La ciclofilina facilita la isomerización del peptidil-prolil de un isómero-trans a un isómero-cis en el proceso de replegamiento de proteínas no plegadas, para recuperar el estado de plegamiento natural con la conformación de la cis-prolina. Hasta el momento, sólo los péptidos cortos con cis-prolina, han sido detectados en complejos de proteínas de ciclofilina A humanas y de E.coli, que se encuentran presentes en el citoplasma.

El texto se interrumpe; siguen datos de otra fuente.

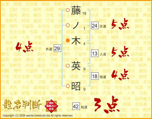 藤(19画)ノ(1画)木(4画) 英(9画)昭(9画)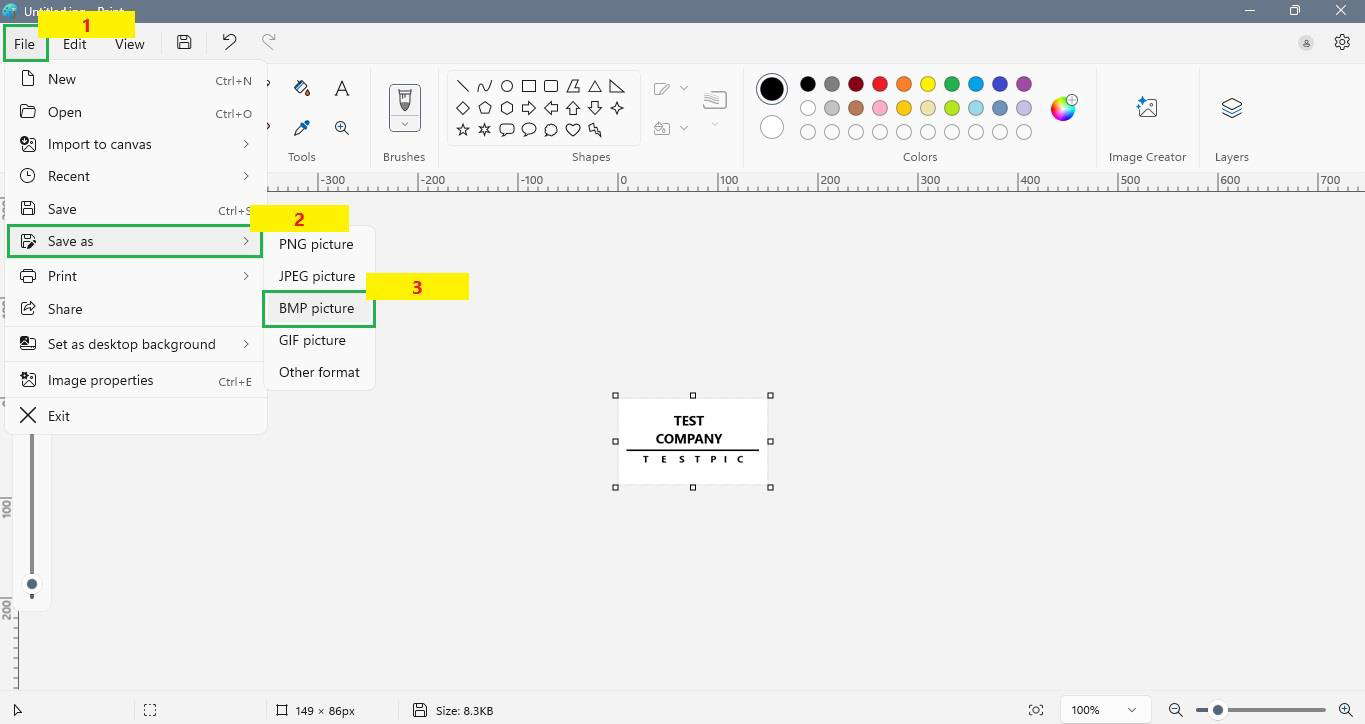 7. จากนั้นกดปุ่ม File >> เลือก Save as >> เลือก BMP picture เพื่อบันทึกไฟล์ภาพโลโก้ที่ลดขนาด

El análisis de la cristalografía, muestra dos complejos en los cuales los péptidos que tienen una conformación de prolina-trans, es decir, succinil-Ala-trans-Pro-Ala-p-nitroanilina y acetil-Ala-Ala-trans-Pro-Ala-amidometilcumarina, están ligados a K163T, un mutante de la ciclofilina B de E. coli, la preproteína la cual tiene una secuencia señal. Una comparación con péptidos de conformación cis, unido a la ciclofilina A, revela que en ningún caso el anillo de prolina se inserta en el bolsillo hidrofóbico y un hidrógeno se une entre el CO del Pro y Neta2 de Arg, para unir el péptido.
Por otro lado, en el isómero-cis, la unión de dos hidrógenos de NH y CO de Ala que precede a Pro, con la proteína, une al péptido; mientras que en el isómero-trans, la unión de un hidrógeno entre CO, que precede a Ala-Pro y His 47 Nepsilon2 a través de una molécula de agua mediadora, permite una gran distorción en la orientación de AIa del Ala-Pro.
A pesar de que la pérdida de la unión doble de aminos de Ala-Pro es esencial para la isomerización, que sucede mediante la rotación alrededor de su unión, estos péptidos tienen formas imposibles de someterse a una transferencia de protones desde el grupo guanidil de Arg, al átomo prolil N, el cual induce a la pérdida de la unión doble.